重要情報は視覚的な目立ち方だけでなく、文書構造、名前、キーボード順序、画面読み上げでも利用できるようにします。視線で発見しやすいことと、複数の方法で操作できることを両立させます。

15.4 調査結果をデザインシステムへ戻す

複数画面で同じボタンやフォーム説明の問題が見つかった場合、個別画面だけを修正すると再発します。共通コンポーネント、余白、文言規則、状態表示へ結果を反映します。

ただし、一つの調査結果をすべての文脈へ一般化しないようにします。どの利用者、端末、タスクで確認された結果かを記録し、適用範囲を明確にします。

15.5 倫理と利用者の尊厳を守る

視線データは、参加者が意識していない行動まで記録する可能性があります。デザイナーは、技術的に取得できるからという理由で、目的のない計測や過剰な保存を行ってはいけません。

利用者を「見なかった人」「理解できなかった人」と評価するのではなく、UIが必要情報を提供できたかを評価します。視線追跡は利用者を監視するためではなく、設計側の仮説を検証し、障壁を減らすために使用します。

おわりに

視線追跡は、利用者がUIのどこを見て、どの順番で情報を確認し、どの領域を行き来したかを観測できる強力な調査方法です。特に、重要な操作の発見可能性、情報階層、比較行動、エラー修正など、自己申告だけでは捉えにくい視覚探索を確認できます。
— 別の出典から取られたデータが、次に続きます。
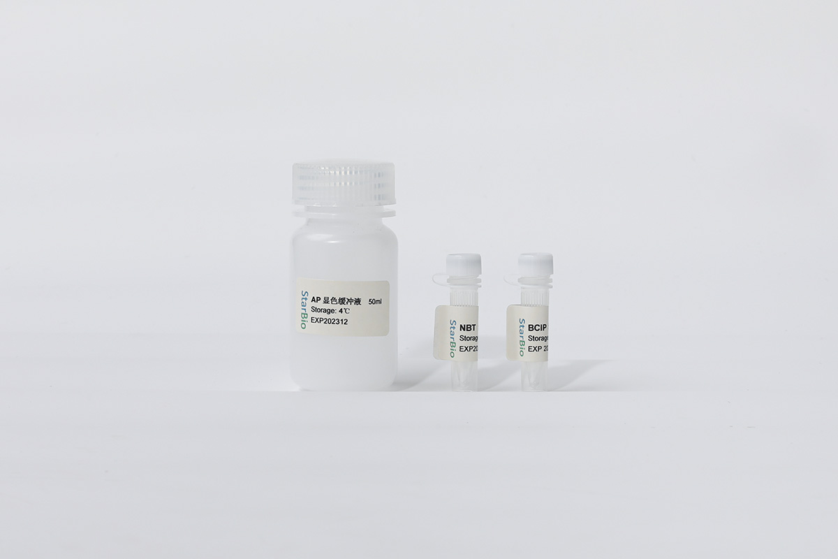 BCIP/NBT是堿性磷酸酶的常用底物,在堿性磷酸酶的催化下,BCIP會被水解產(chǎn)生強反應(yīng)性的產(chǎn)物,該產(chǎn)物和NBT發(fā)生反應(yīng),形成不溶性的深藍色和藍紫色化合物。星啟百代BCIP/NBT顯色試劑盒經(jīng)反復(fù)優(yōu)化,具有超高的堿性磷酸酶反應(yīng)靈敏度,可廣泛應(yīng)用于DNA印跡雜交、RNA印跡雜交、蛋白印跡檢測、原位雜交以及免疫組織化學(xué)顯色等。

しかし、視線が向いたことは、理解、好意、注意、意思決定を直接証明するものではありません。視線データだけで利用者の思考を断定せず、操作結果、発話、インタビュー、アクセス解析などと組み合わせる必要があります。

UIデザイナーに求められるのは、視線を多く集める画面を作ることではありません。利用者の目的に必要な情報が適切な順序で発見され、関連情報を無理なく比較でき、重要な操作へ安全に到達できる構造を設計することです。視線密度図の赤い領域を成果とみなすのではなく、その視線が理解、正しい選択、作業完了へつながったかを確認しなければなりません。
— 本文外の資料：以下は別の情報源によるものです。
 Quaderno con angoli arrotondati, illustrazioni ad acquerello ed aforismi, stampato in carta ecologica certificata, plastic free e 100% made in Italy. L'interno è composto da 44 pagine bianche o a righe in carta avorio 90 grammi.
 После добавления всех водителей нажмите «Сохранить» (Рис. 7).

視線入力をUI操作として利用する場合には、見ることと実行することを区別し、ミダスタッチ問題、対象サイズ、滞在時間、確認、取り消し、代替入力を設計する責任があります。さらに、カメラと視線データを扱う以上、明確な同意、必要最小限の取得、保存期間、削除手順も欠かせません。視線追跡を派手な分析資料や監視技術としてではなく、設計仮説を慎重に検証し、より多くの利用者が目的を達成できるUIへ改善するための方法として扱うことが重要です。